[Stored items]

•••

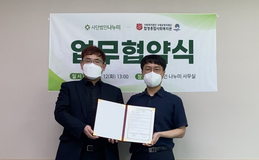 ▶내용 : 사단법인 나누미 - 합정종합사회복지관 간의 사회복지 업무를 위한 긴밀한 업무 협약
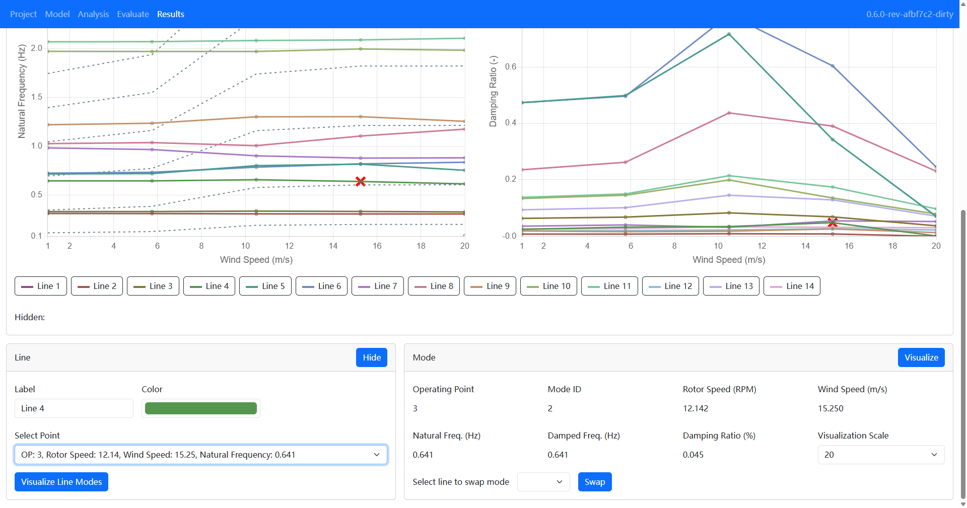3. ACDC attempts to connect lines through the same modes as a function of OP, but it does not try to label the modes. If you want these labels, you can use the visualization functionality of ACDC to determine what each mode means physically and update the labels accordingly. We have compared results from OpenFAST/ACDC against GH Bladed for different reference models, generally with good agreement.
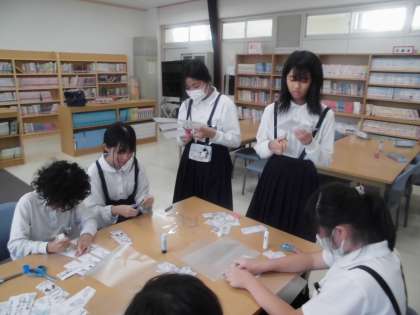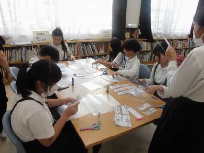 図書委員会は、150周年記念に読書週間やクイズラリーで配るしおり作りに取り組んでいます。とても素敵なしおりがたくさんできました。
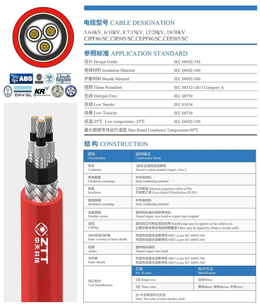 | 類型: | 船用中壓電力電纜 | 名義直徑: | 23.6mm |
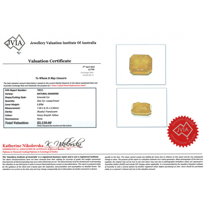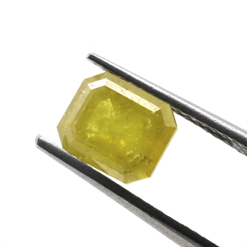 Emerald Cut, Fancy Greyish-Yellow, Translucent, Loose, Unset.
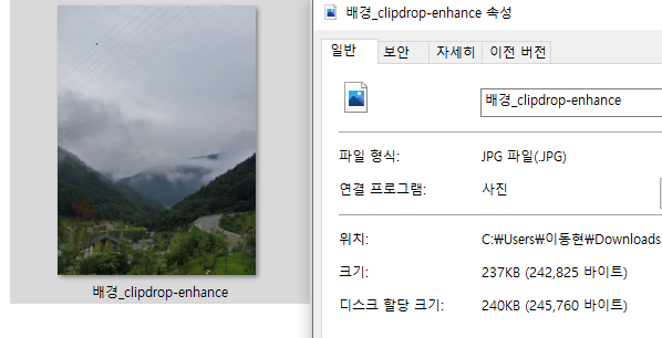 원본은 겨우 70K 정도인데 247K로 파일용량이 조금 늘어났습니다. 미세하지만 화질에서도 차이가 납니다.
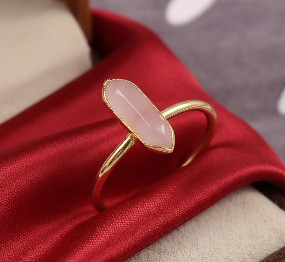 Handmade 925 Silver Fine Ring Classic Boho Style Eternity Pencil-Shaped Rose Quartz Gemstone Bezel Setting for Party

•••

Problem requirements.
Among the entries above, copy exactly the stretch from the line holding "図書委員会は、150周年記念" through the line holding "원본은 겨우 70K 정도인데", leaving out any pictures.

Result of this exercise.
 図書委員会は、150周年記念に読書週間やクイズラリーで配るしおり作りに取り組んでいます。とても素敵なしおりがたくさんできました。
 | 類型: | 船用中壓電力電纜 | 名義直徑: | 23.6mm |
 Emerald Cut, Fancy Greyish-Yellow, Translucent, Loose, Unset.
 원본은 겨우 70K 정도인데 247K로 파일용량이 조금 늘어났습니다. 미세하지만 화질에서도 차이가 납니다.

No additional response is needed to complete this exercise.